U.S. proposal would crack down on nameless ‘ghost weapons’ By Reuters


© Reuters. A participant in an armed rally displays a gun with a 3D printed bottom receiver, a gun known as


By Jan Wolfe

WASHINGTON (Reuters) – The US Department of Justice released a proposed rule on Friday aimed at cracking down on self-organized “ghost guns”. That move was promised by the White House last month as part of a major effort to contain mass shootings and bloodshed in the community.

The Justice Department issued a proposal for a regulation requiring retailers to conduct background checks before selling kits that contain the parts necessary for someone at home to willingly make a gun. It will take effect later this year unless stopped by a judicial challenge.

The proposed rule would also require the inclusion of serial numbers in parts used in easy-to-build firearms kits, making it easier for law enforcement to track guns used in violent crimes.

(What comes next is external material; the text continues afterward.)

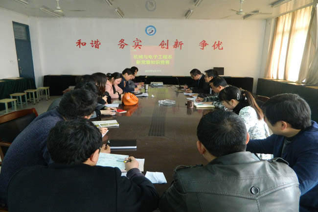 為深入學習黨的十八大精神、準確掌握新黨章知識。4月17日下午,機械與電子工程系舉行全系教師黨員學習新黨章知識競賽。競賽由系副主任何振華同志主持。比賽結束后,系黨總支書記嚴綱同志作了簡單總結,他指出了學習新黨章的重要性和必要性,說明了舉辦此次知識競賽的積極意義,高度評價了教師黨員們的認真態度,并號召大家要更加深入地學習十八大精神,學習新黨章,進一步提高思想認識,凝聚精神力量,營造學習氛圍,提升理論素養,為學院和系部的發展貢獻力量。

The rule marks the first time since 1968 that the definition of “firearm” in the US Code has been updated, the Justice Department said in a press release.

Attorney General Merrick Garland said in a statement that the proposed rule would “help keep guns out of the wrong hands and make it easier for law enforcement to track down guns used to commit violent crimes”.

Gun control advocates have long said that ghost weapons allow someone to obtain a firearm without going through the background checks they would otherwise face.

On April 8, President Joe Biden called on the Justice Department to propose a new rule on ghost rifles within 30 days.

“The parts have no serial numbers. So if they turn up at a crime scene, they cannot be traced,” said Biden on April 28 in his first address to Congress. “Ghost Gun Kit buyers don’t have to pass a background check. Anyone from criminals to terrorists can buy this kit and assemble a deadly weapon in just 30 minutes. But nothing more.”

The rule proposed by the Justice Department will be recorded in a federal journal on Friday, which opens a review period for public comments, which can be two months.